4. Docker containers like to use environment variables. Docker apps on UCS also make use of this and UCS provides a number of environment variables via the App Center, such as parameters for an LDAP connection. The necessary variables are also written to the Docker Compose file.
5. Furthermore, in the main service, as in Single Container Apps, all UCR variables defined on UCS are available under /etc/univention/base.conf, as well as the password for the so-called machine account under /etc/machine.secret, via which the main service has authenticated read access to the LDAP directory.

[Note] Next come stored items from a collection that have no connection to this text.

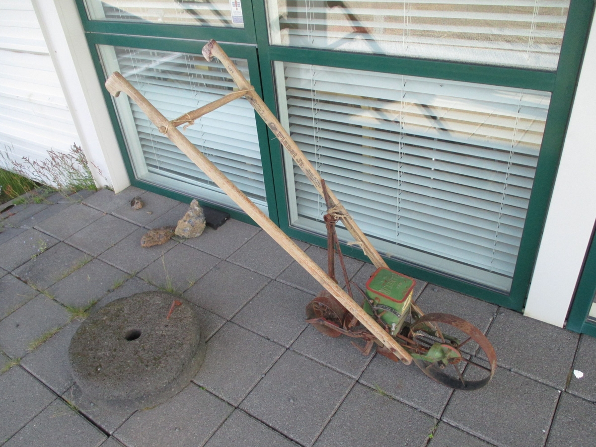 Sáningarvél fyrir gulrófur og gulrætur. Gerð Planet Jr. Framleidd í Bandaríkjunum skv. upplýsingum á handfangi. Vélin er drifin áfram með járnhjóli sem tengist öxli í box sem fræið er í. Boxið er grænt að lit. Sáningarvélinni er ýtt áfram.
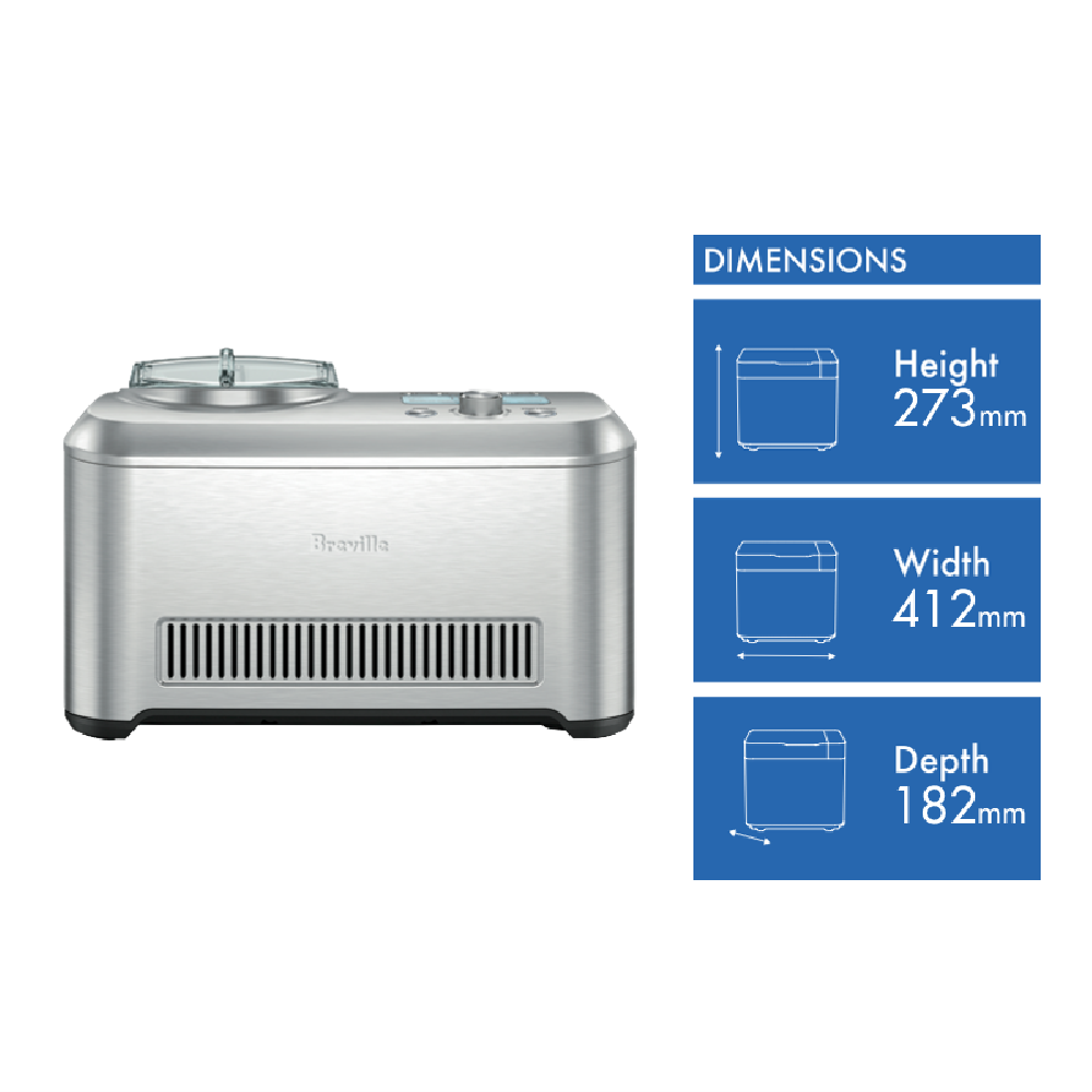 Make creamy decadent ice cream at home with the Breville The Smart Scoop Ice Cream Maker. This stainless steel ice cream machine allows you to craft 12 different textures from light airy sorbet to rich creamy gelato. With a generous 1 litre bowl capacity it's easy to churn multiple batches for the whole family. The automatic and manual settings provide full control over texture and hardness while the non-stick bowl surface makes serving a cinch. Keep your frozen desserts chilled for up to 3 hours until you're ready to indulge. The included accessories like the bowl paddle and cleaning brush ensure effortless operation and maintenance. With a sleek compact 412mm width and modern stainless steel finish this ice cream maker adds function and style to your kitchen benchtop. Craft your own gourmet ice creams and sorbets for a fun dessert activity the whole family will love. The manufacturer's part number for this product is BCI600. Check out the Breville The Smart Scoop Ice Cream Maker today.
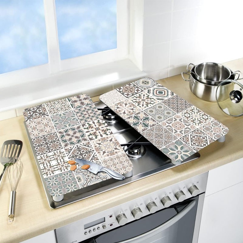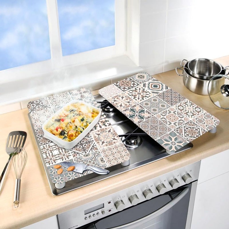 Tampas de vidro para decorar e proteger cozinhas cerâmicas, elétricas, a gás... universais, modelo Wenko Azulejos.
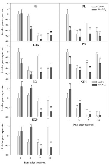 Expression levels of genes encoding cell wall-degradation enzymes in strawberry fruits treated with 30% CO2 for 3 h, as well as control fruits. PE, pectinmethylesterase; PL, pectate lyase; LOX, lipoxygenase; PG, polygalacturonase; EG, endo-β-1,4-glucanase; XTH, xyloglucan endotransglucosylase/hydrolase; EXP, expansin. * p < 0.05; ** p < 0.01.
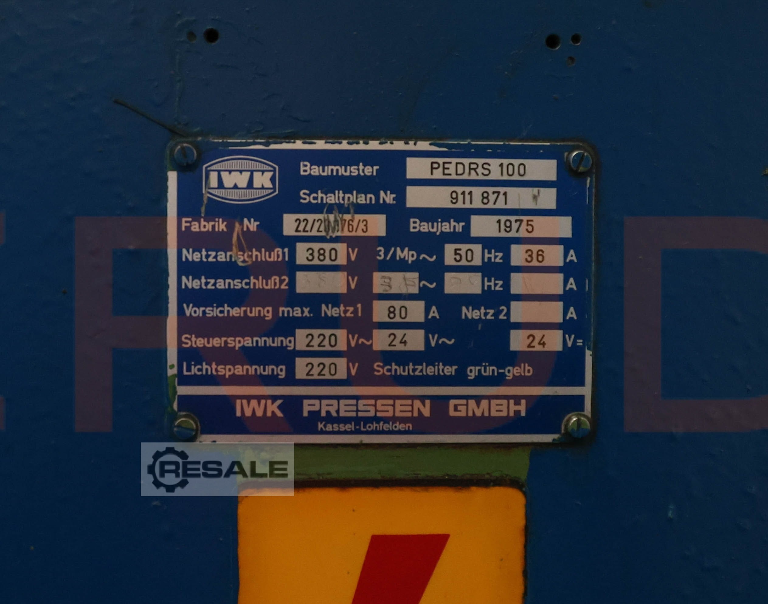 (1975) 100t IWK Eccentric Press Industrial Eccentric Press for High-Capacity Stamping This 100-ton eccentric press from 1975 features a robust electrical configuration designed for versatile industrial manufacturing. Technical Details ‍ Machine Type: Eccentric Press Manufacturer: IWK Model: PEDRS ...
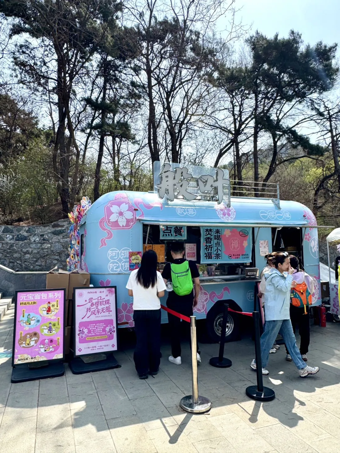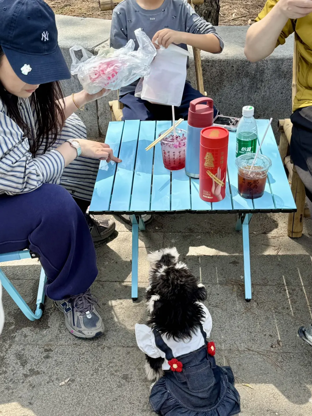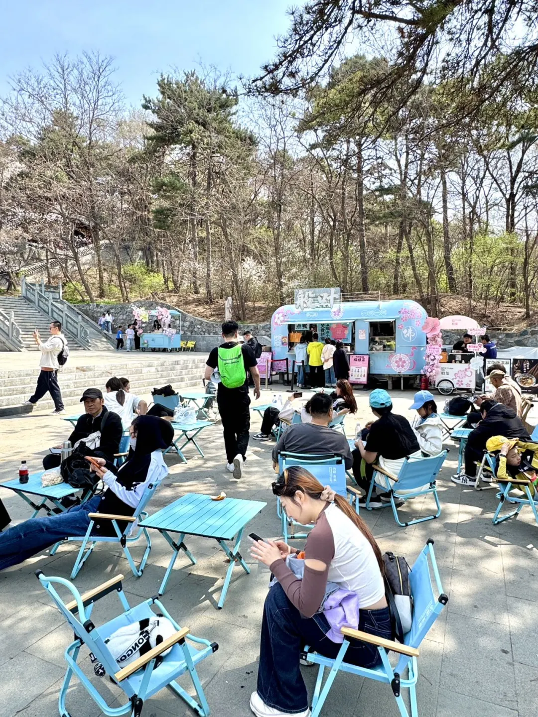 顺便找个座位,小蓝色的桌椅真的很春天
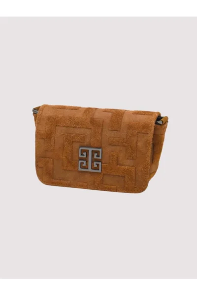 Τσάντα Agapi Leather Suede Cognac Embosse
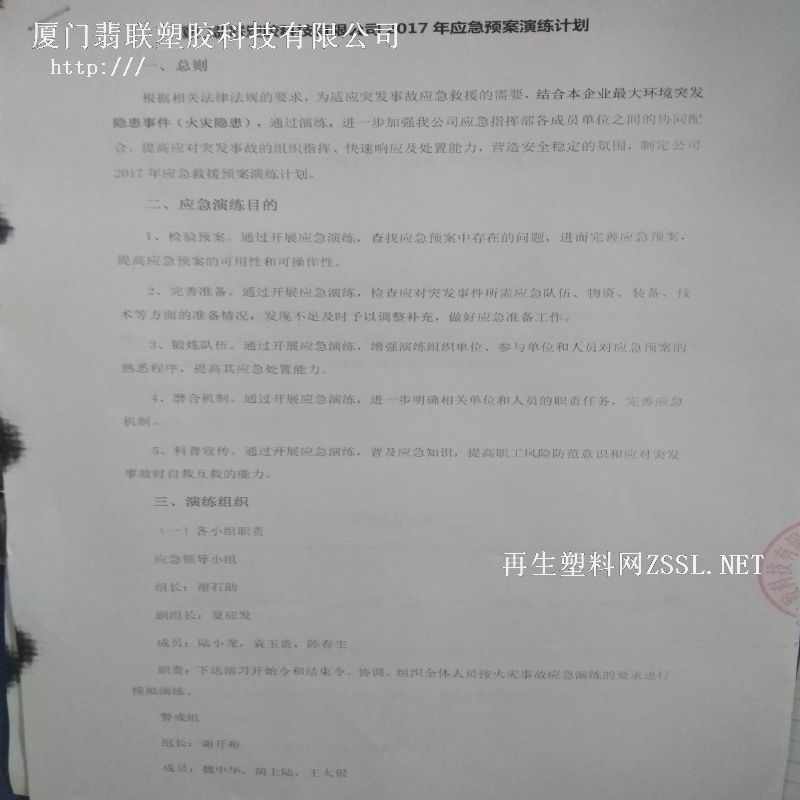 厦门翡联塑胶科技有限公司2017年应急演练 我司于2017年7月15日下午3点举行2017年度应急演练,具体计划和内容如附件。
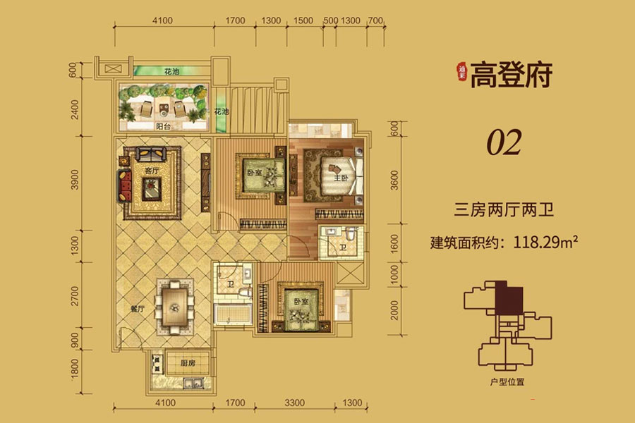 主力户型:建面约117㎡、118㎡、119㎡、124㎡、126㎡板塔结合。
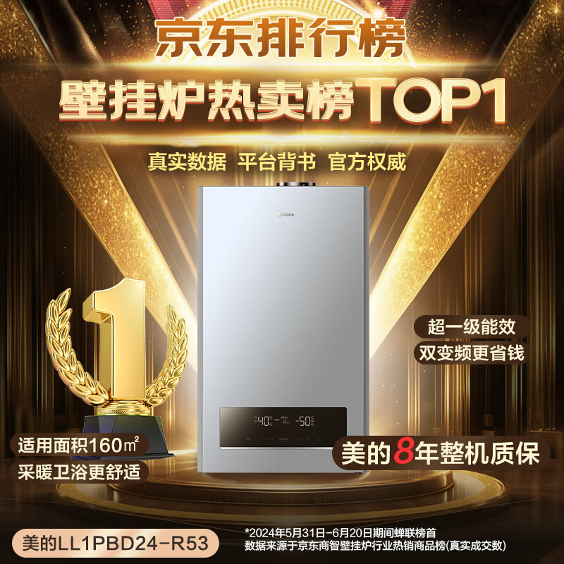美的(Midea)无极双变频一级能效低噪冷凝燃气壁挂炉天然气采暖地暖锅炉热水器以旧换新免辅材费LL1PBD24-R53价格:7499.00元!

6. When a multi-container app is released, the Docker Compose file is adapted on the server side and the Docker Image information is modified to point to the Docker images in the Univention Docker registry. All Docker images from published apps are copied to the Univention Docker registry to be independent of the Docker infrastructure. This is the only server-side change to the Docker Compose file.

As a result, Docker Compose starts a Docker Compose configuration on the target system that no longer matches 100% of the app vendor’s input. This is necessary because a lot of information must be available at the start of an app for optimal integration. Thus, the apps can adjust to the local environment and preconfigure themselves accordingly, so that users can start immediately. The modified Docker Compose file can be found on the UCS target system under /var/lib/univention-appcenter/apps/$apps/compose/docker-compose.yml.

App providers can now directly start creating their Docker Apps in the App Provider Portal and store the Docker Compose configuration. The documentation will be published within the next days. And the first Multi Container Apps are already on their way and should be published in the App Center within the next weeks.